Two Houses is a newsletter of stories about art, feminism, grief, and Time excavated from the Soho loft where I grew up. Posts are free and illustrated with the work of my long-divorced parents, the painters Mimi Weisbord and Lennart Anderson.
After my mother, Mimi Weisbord, moved into memory care in 2019, one of the first drawings I pulled from her drawers was this study for a self-portrait.
It is not like any work of hers I’d ever seen before. A woman standing in a very large studio with easels, platforms, windows and things behind her. The studio is so large; I suspected this was made about 1960, when she was at the American Academy in Rome with my father.
In 2019, the sketch was a thrilling find. It suggested she’d kept her earliest work. I’d yet to explore her painting closet.
Also because the moment of finding it was electric. I’d opened her flat files in her studio; I was never welcome to touch her work.
But mostly I was enthralled to glimpse this young serious Mimi, a woman in a large studio with bare feet planted. Her own artist. Her whole standing figure.
Not a nude.
In Rome, my mother posed for every female figure in Lennart’s Street Scene. Those charcoal studies hung at my grandparents’ until my mother inherited them. (My grandfather bought them in support of the young couple.) They are dramatic and lush, and the figures are nude. (I don’t have a good image, or I’d paste one here.) At the base of one, he has scrawled “Roma” adjacent to the flourish of his initials. I loved discovering that; I can see him making that mark, and I feel his satisfaction to be at the Academy with the Rome Prize. He felt on top of his game.
After Rome, she posed for Nude which is in the Brooklyn Museum’s collection (and currently on view at the Bo Bartlett Center in Georgia). That was probably in Pittsburg where they lived for a year for Lennart’s first teaching gig at Chatham Women’s College.
Finding this sketch of a clothed Mimi working in this huge studio sent a shiver through me. But I had yet to find her journal from 1980.
“I left for Rome an artist and came back a wife,” now rings in my ears.
In Woman in Black, I explained that progression, how she arrived in Rome a celebrated emerging print maker but found she didn’t have access to the print studio. How she pivoted back to painting, and at some point the Academy stopped including the work by wives of the fellows in their exhibitions, and she had nothing to paint toward.

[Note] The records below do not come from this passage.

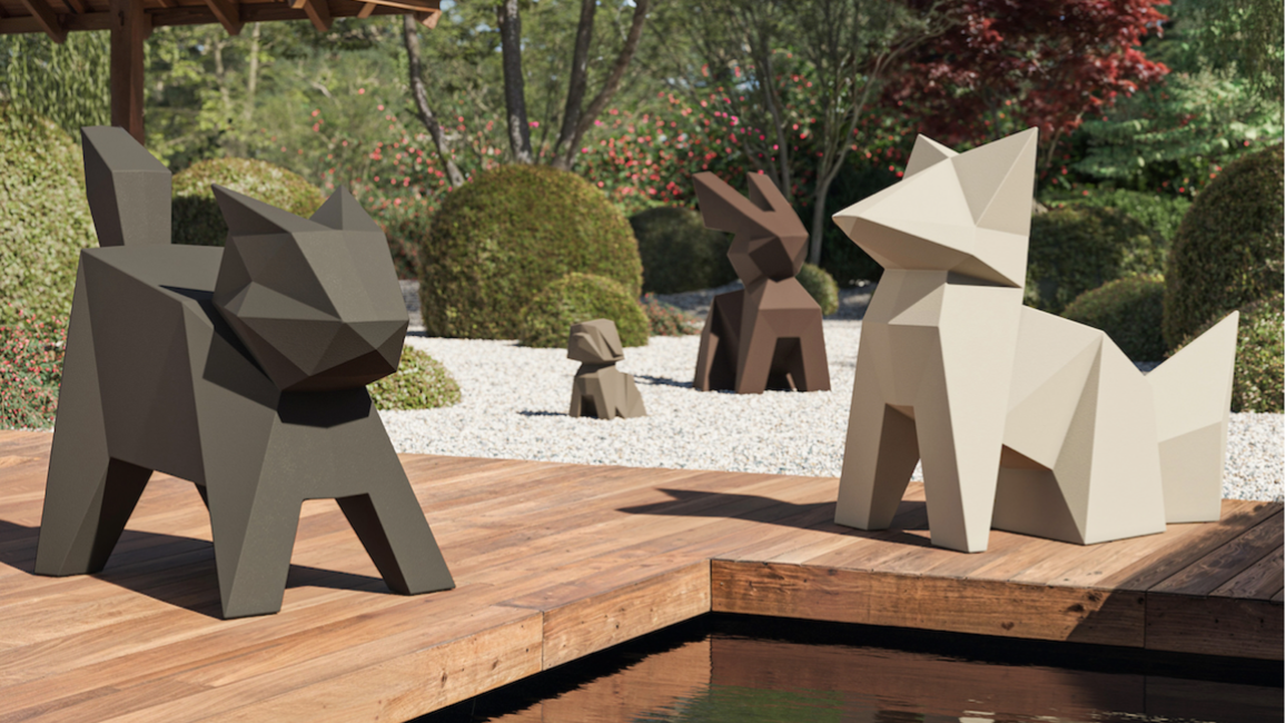 A collection of outdoor sculptures by Studio Vondom, Origami features planters and geometric animal figures inspired by the ancient Japanese art of paper folding, dating back to the 7th century. Boldly avant-garde, Origami comes in more than 10 colors, harnessing the power of light and shadow, and it’s made from 100 percent recyclable polyethylene resin in matte or lacquered finishes with UV resistance. Many pieces are available with internal LED lighting for added visual impact.
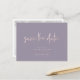 Chic and modern signature script in blush pink Save the Date postcards, DIY background in dusty purple. Copyright © 2016-2019 Bombino Designs.
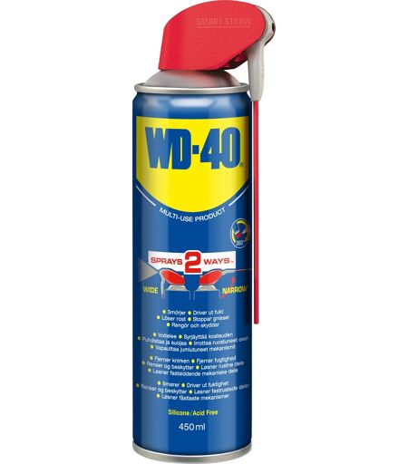 WD-40 multifunktions smøremiddel, 450ml WD-40 Smart Straw er den klassiske multispray med et indbygget sprayrør til præcisionsarbejde. Den har to forskellige sprayfunktioner, der er nemme og hurtige og skifte imellem, så du altid har den rigtige funktion lige ved hånden. Det indbyggede sprayrør er ideelt til præcisionsarbejde på smalle og snævre områder. Det sikrer præcis påføring i svært tilgængelige og fastlåste dele. Du kan nemt skifte til den brede sprayfunktion ved at vippe præcisionsrøret ned. Den brede sprayfunktion er velegnet til behandling af større overflader. Ventilen kan bruges i alle vinkler, der gør det muligt at påføre produktet lodret eller på hovedet, så du kan løse alle slags opgaver. WD-40 Smart Straw gør det nemt at vedligeholde og beskytte dit udstyr, uanset opgaven. Med denne alsidige multispray har du altid den rette løsning lige ved hånden. Indeholder: 450 ml Bred og smal sprayfunktion for maksimal fleksibilitet Fjerner fugt for at forebygge rust og mindske udtørring af elektriske systemer Trænger ind og løsner fastlåste dele Smører udstyr, så det kører problemfrit Fjerner olie, snavs og fedt Beskytter metaloverflader mod rust og korrosion Nem at anvende 360°-ventil Anbefalet til: Haveredskaber, batteriklemmer, låse og hængsler, maskinværktøj, cykelstel, motorer, legeringer og udstødninger ...
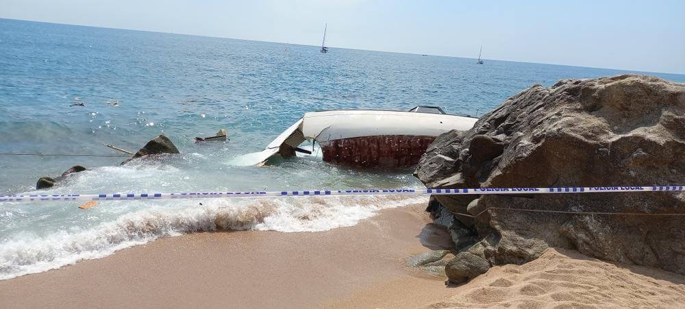 L’embarcació va sortir del port de Badalona dilluns a la tarda i es va accidentar entre les platges de la Murtra i de les Roques Blanques, a Sant Pol. Els dos tripulants van poder saltar a l’aigua abans del xoc contra les roques i en van sortir il·lesos. L’embarcació hauria perdut el control i s’hauria encallat.
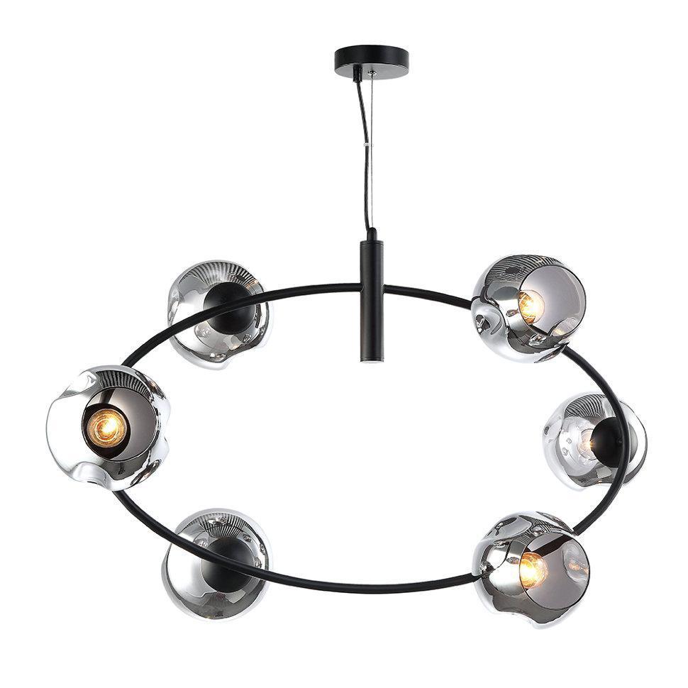 Космическим вращением экстравагантных планет вселенной вашего дома выглядит строгое металлическое кольцо, на котором основательно закрепились стеклянные, тонированные плафоны. «ФРЕРИ» - идеальный выбор ценителей LOFT.
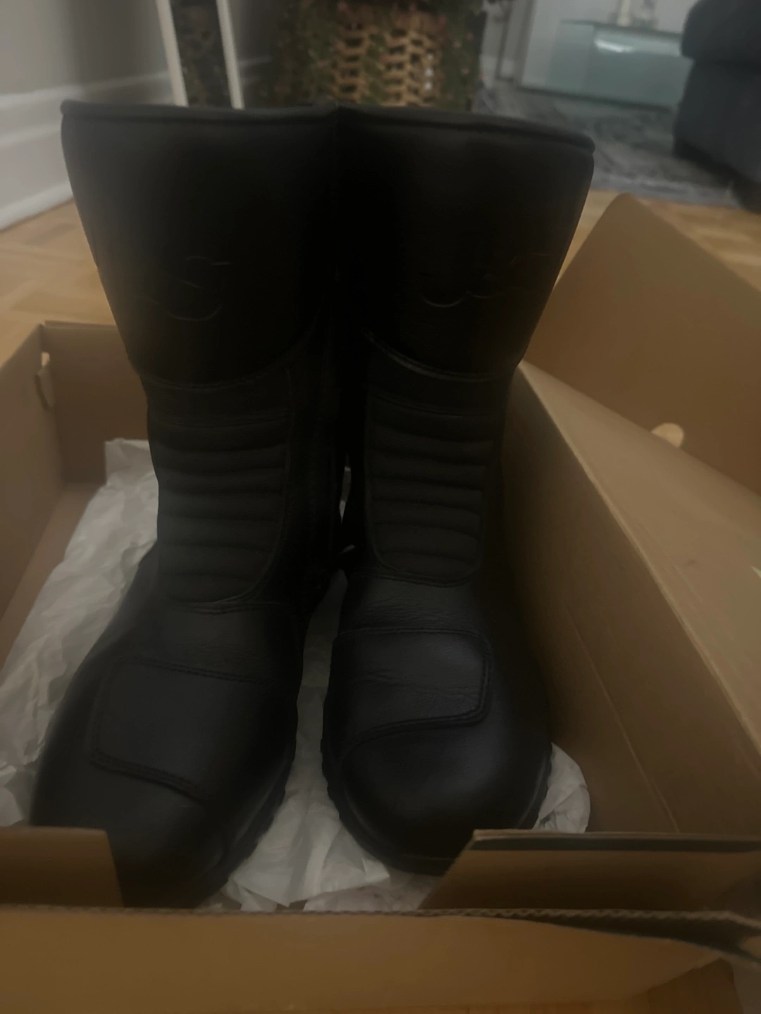 Pair of men's black leather motorcycle boots. Size 9 UK/43 EU. Appear to be new in box. Features include leather construction and protective elements.
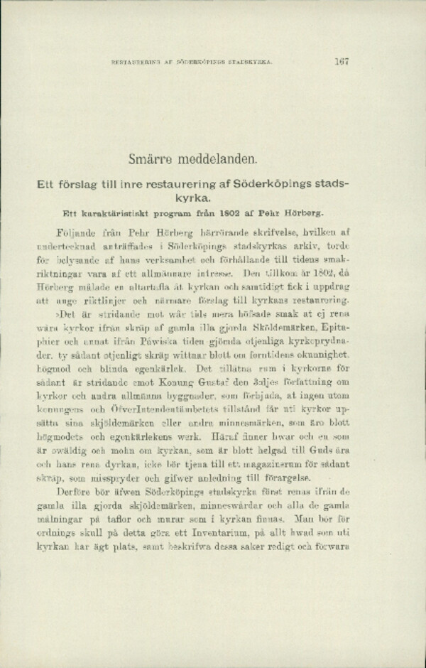 Ett förslag till inre restaurering af Söderköpings stadskyrka: ett karaktäristiskt program från 1802 af Pehr Hörberg
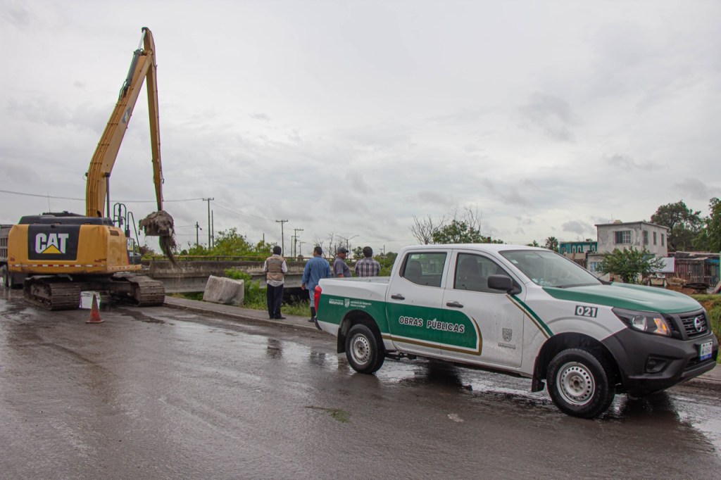 En auxilio a las familias que viven en colonias cercanas al Dren 20 de Noviembre, entre ellas, de la colonia Juárez, afectadas con la contingencia presentada en las primeras horas de este martes, el Municipio de Matamoros trabaja en la limpieza y desazolve del desagüe.
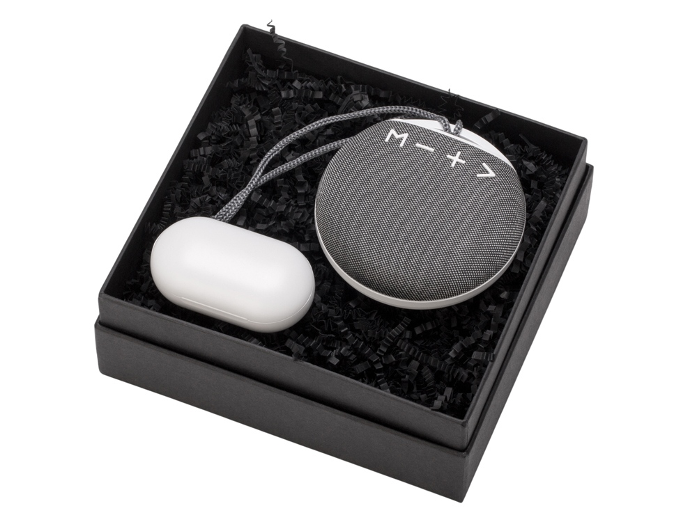 Подарочный набор с колонкой и наушниками Full Music, белый, серый
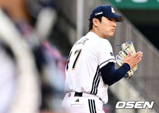 [OSEN=잠실, 조은정 기자]15일 서울 잠실야구장에서 2025 신한 SOL Bank KBO리그 두산 베어스와 키움 히어로즈의 경기가 열렸다. 이날 홈팀 두산은 곽빈을, 원정팀 키움은 정현우를 선발 투수로 내세웠다. 7회초 무사 1루 두산 곽빈이 유격수 이유찬이 호수비로 키움 전태현을 아웃시키자 기뻐하고 있다. 2025.06.15 /cej@osen.co.kr

Before I pieced that together, however, I found evidence of her early sense of belonging at the Academy in Rome (or her determination to feel that way): images of my young mother taking herself seriously as an artist. Images from before she’d decided to spend years as an artist’s wife. In the course of digging through her mounds of things, bundles of letters, drawers and boxes of photos from all eras, I was tuned to the earliest (tiniest) pictures. And how they’d connect with other artifacts.
The photo below drifted into my hands more than a year after finding the sketched self-portrait.
She is posing with the painting she made from that study. And my god, she is beautiful.
Digging through her spaces, my curiosity was rewarded again and again. I’d squint at tiny photos and make connections. The painting looks different from what I’d imagined. But I paid it little attention, overwhelmed by her self-possession. It’s the same response I had to this next photo from about the same time.
She sits regal next to my goofball father.
I’ve learned so much since finding these photos. In the first picture, I now know she didn’t like to paint on stretched canvas. In an interview of her that I found from her time at PS 1 (1979), she says that she has never liked the give of canvas, preferring to paint on a firm surface. This explains why her work-in-progress is pinned to a board (note the paint overlapping the canvas on the bottom edge).
In the second picture, I now know the photo is meant to highlight this plant. They’d bought a plant, as was popular with painters because of Matisse. This was explained, glancingly, in a letter to my grandparents. Likely, they sent them this picture, thanking them for their financial support and - by extension - their Matisse plant.
Eventually, of course, I excavated her painting racks.
And all the breadcrumbs lead to a canvas in my hands.
Are you surprised? I was. Am. Very. This picture is so strange, yet the pinks in the palette are so familiar. I love the folded corner of the rug. I am disturbed by the proportions of her pointy feet and tiny head. I’m amazed to find she dispensed with the skirt.
This artist is clothed from head to toe. And is she wearing a sweatshirt?
I have so many questions.
And I’ll never get to ask.
What a gift to have all these works of art to cherish!
She stands confidently in the painting, grounded… just as in the photo of her next to the painting. Beautiful!